## About this exercise:
What you give back should be exactly the lines from the one with "NUMERIC | 5 |" through the final line of the material, pictures removed; please add nothing.

## Available records:

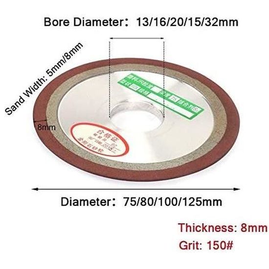 Peut être utilisé dans diverses applications d'outils. Goupille de rectification cylindrique 15 x 10 x 6 mm D126 BQLZR Meule 150# 125 mm de diamètre en acier dur conique uni résine diamant meule : : BricolageÀ propos de cet article Pratique Vous pouvez utiliser dans divers outils et applications de coupe Diamètre extérieur : 125 mm, trou intérieur : 32 mm, épaisseur du diamant : 10 mm - Largeur de l'anneau : 8 mm, taille des parties : 150 cm Champ d'application Vous pouvez utiliser dans divers outils et applications de coupe Largeur de la bague diamant : 8 mm., Poids : 170 g. Liant en résine pour une opération de meulage simple avec de bons taux d'élimination des matériaux, tout en conservant une faible influence thermique sur la pièce., 1., Il est adapté pour meuler les outils de mesure en carbure cémenté et les moules avec d'excellents résultats., 2., Il est utilisé pour une opération de meulage simple, avec un bon taux d'élimination du matériau, tout en maintenant un faible impact thermique sur la pièce. Diamètre intérieur : 32 mm., Épaisseur : 10 mm. Champ d'application : principalement utilisé pour le meulage des outils et des moules de mesure de carbure cémenté. Caractéristiques : Matériau : aluminium, résine, diamant., Couleur : argenté., Granularité : 150., Dimensions : Diamètre extérieur : 125 mm. Contenu de l'emballage : 1 meule diamant en résine avec côté effilé uni, Pratique Meule pour touret 125 ; 100 Meule en carbure de silicium meule abrasive de rechange, pour le meulage de précision LAUWEXE · 24,83€ ; MEULE TOURET BLANCHE 125X20X20... Meule Pour Touret 125 Mm Grain 150 # Cutter En Acier Dur D'un Côté Conique Diamant Meule Meuleuse 125 Mm La meule diamant à cône simple (PDX) est le plus souvent utilisée pour meuler diverses dents de scie avec un angle inférieur à 30., Il peut broyer différents fraises, alésoirs, émetteurs d'engrenages, etc.
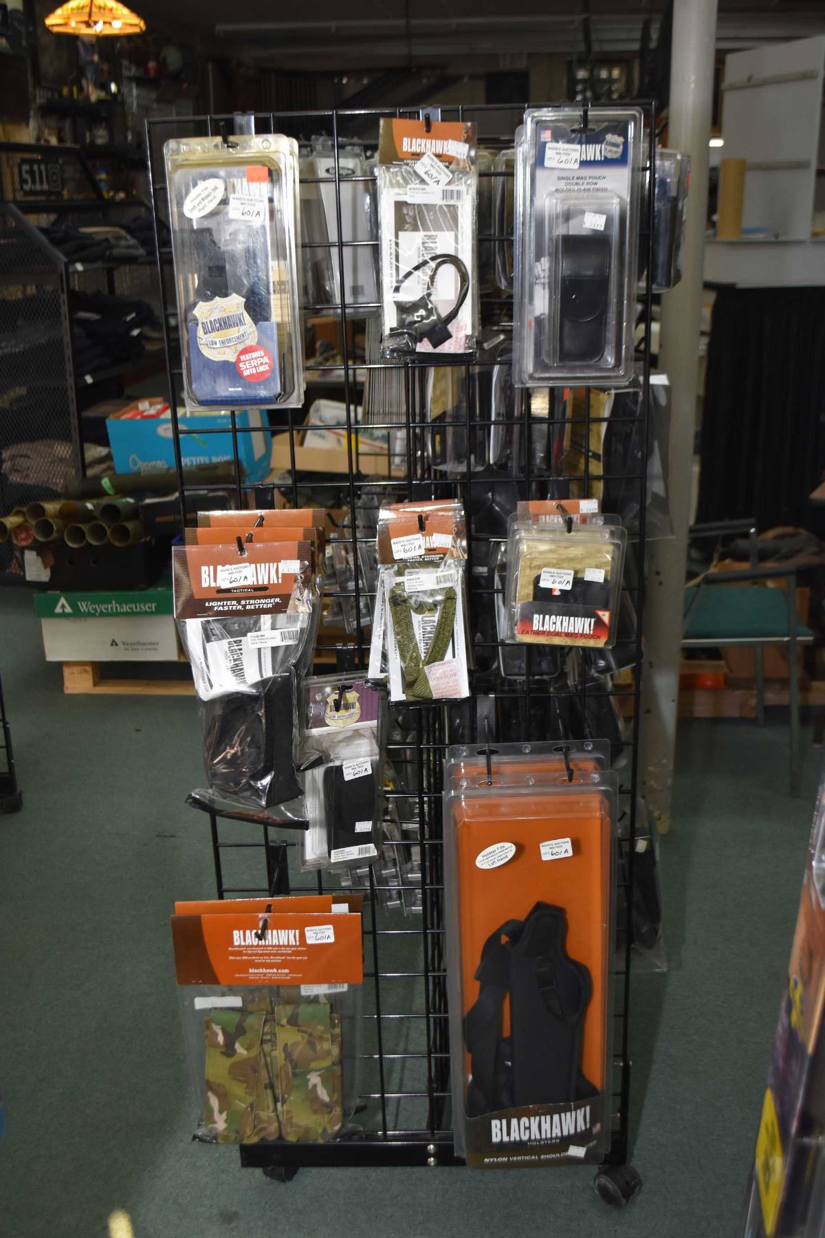 Dealers lot of retail accessories Dealers lot of brand new retail accessories including Blackhawk mag pouches, landyards, pistol bungi retention kits, two Smith & Wesson 5946 right hand holsters, three Weapons Catch MK2, two left hand shoulder holsters etc.
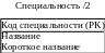 | 2 | Код специальности | Kod spec | FK | NUMERIC | 5 |
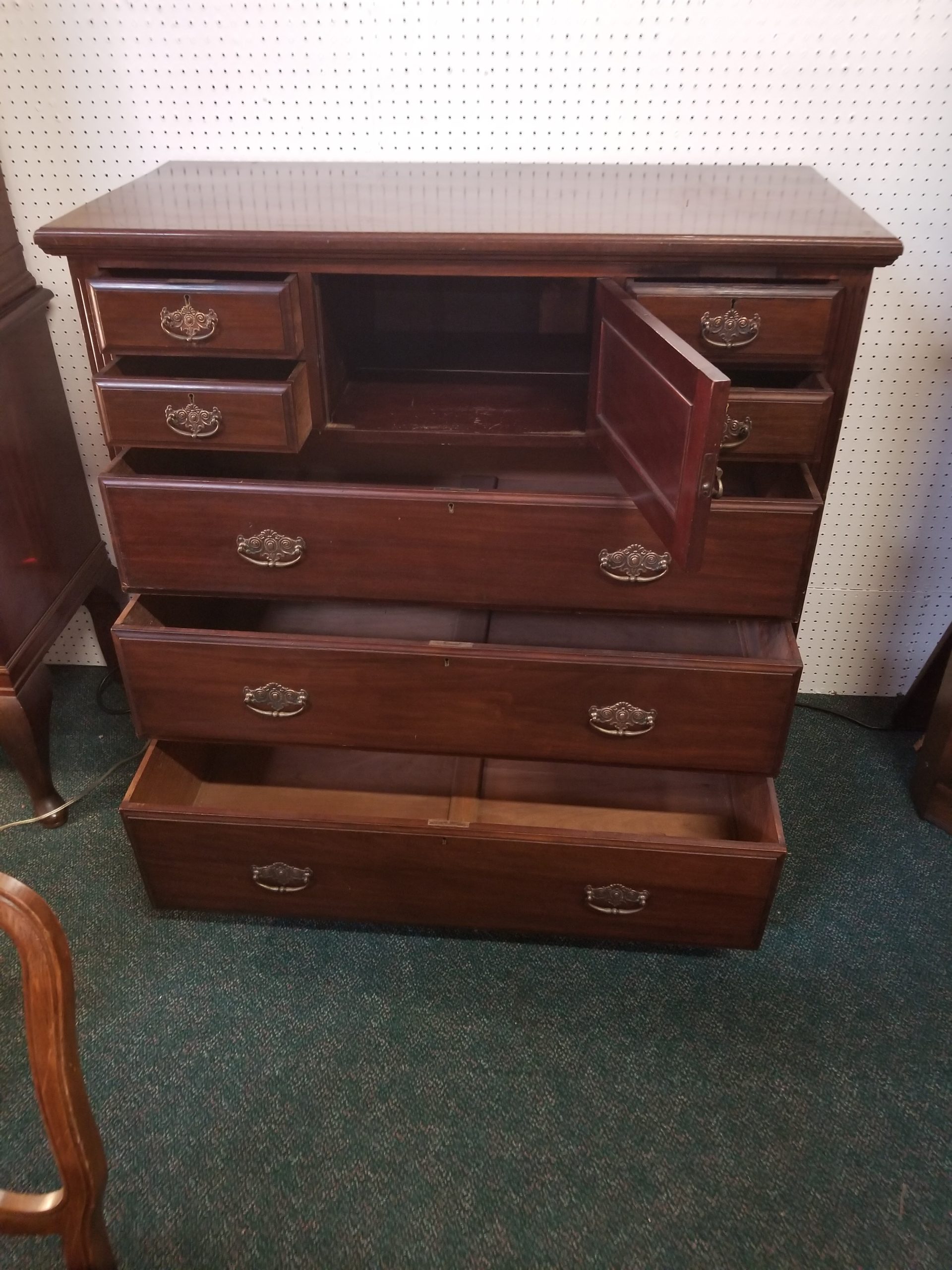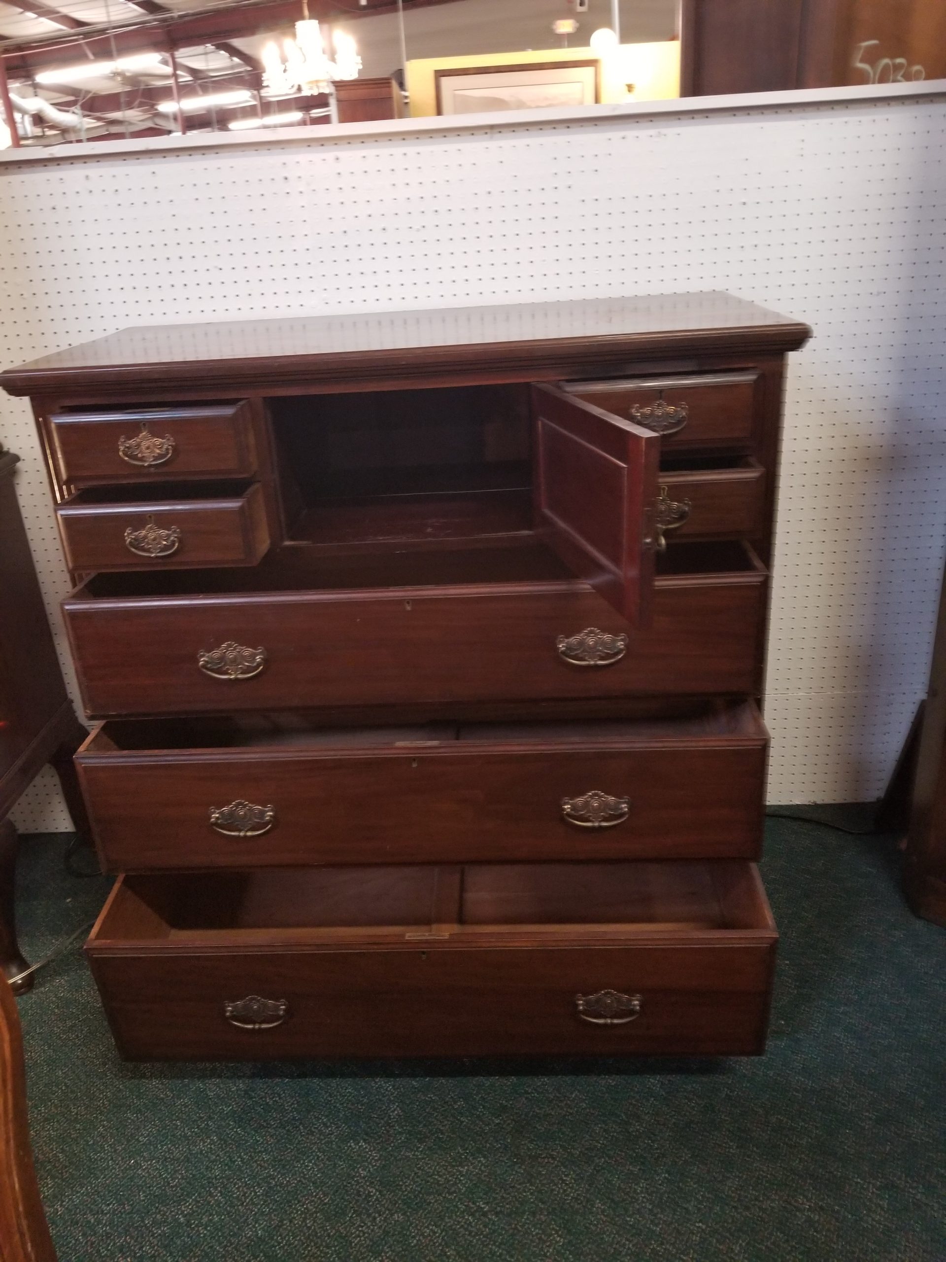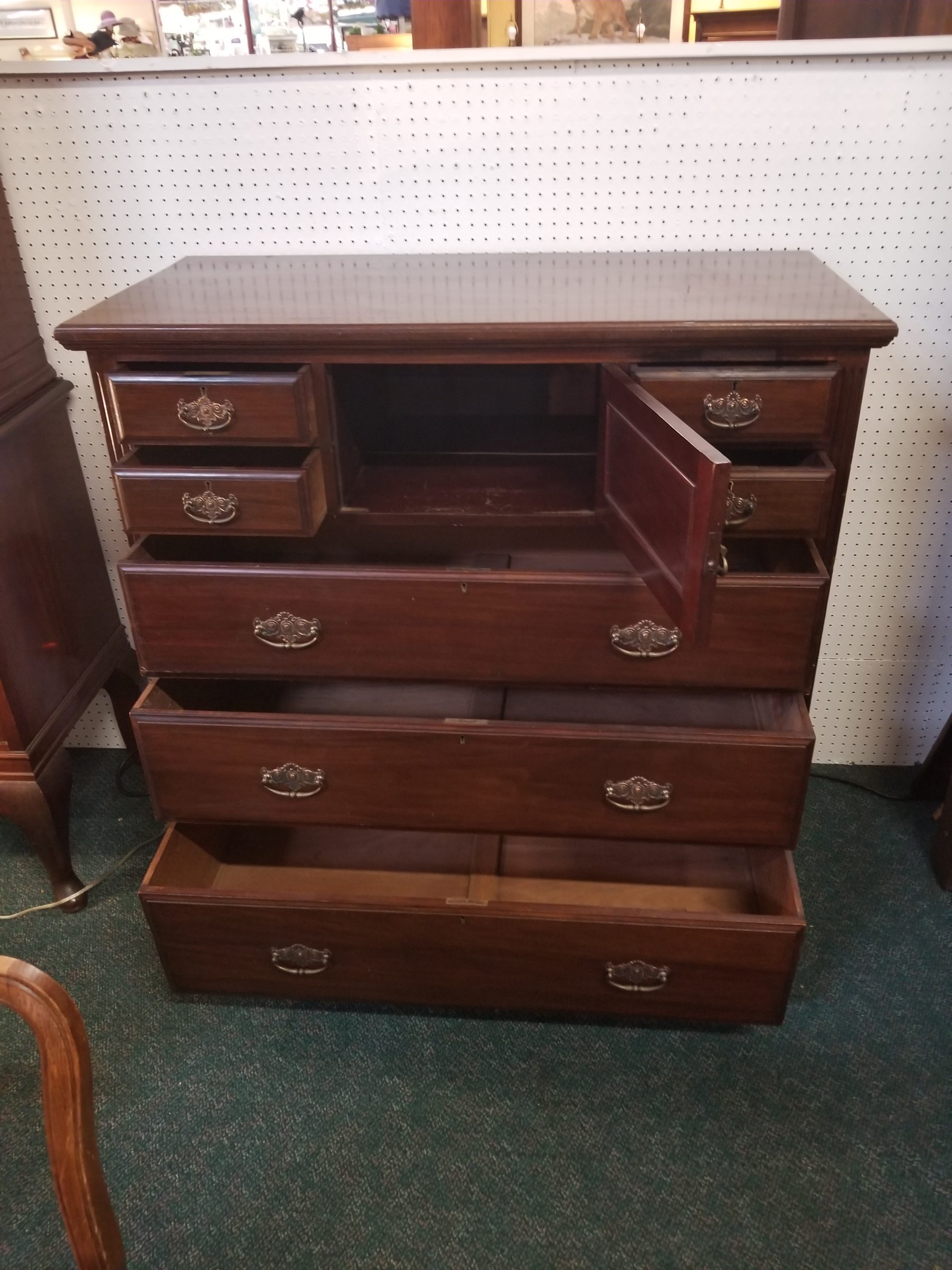 Antique 19th century mahogany chest of drawers, it has a central door and it’s flanked by four small drawers over three drawers.
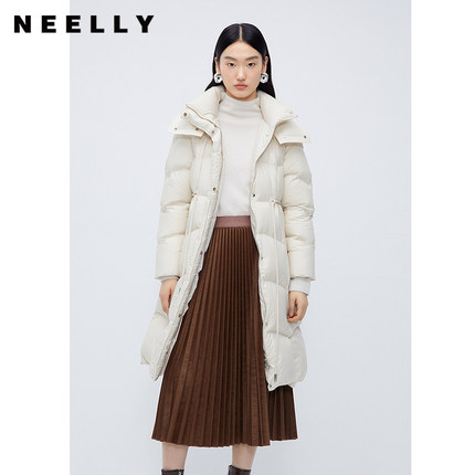 NEELLY纳俪商场同款显瘦羽绒服女冬中长款收腰保暖连帽白鸭绒大衣

## Solved problem:
 | 2 | Код специальности | Kod spec | FK | NUMERIC | 5 |
 Antique 19th century mahogany chest of drawers, it has a central door and it’s flanked by four small drawers over three drawers.
 NEELLY纳俪商场同款显瘦羽绒服女冬中长款收腰保暖连帽白鸭绒大衣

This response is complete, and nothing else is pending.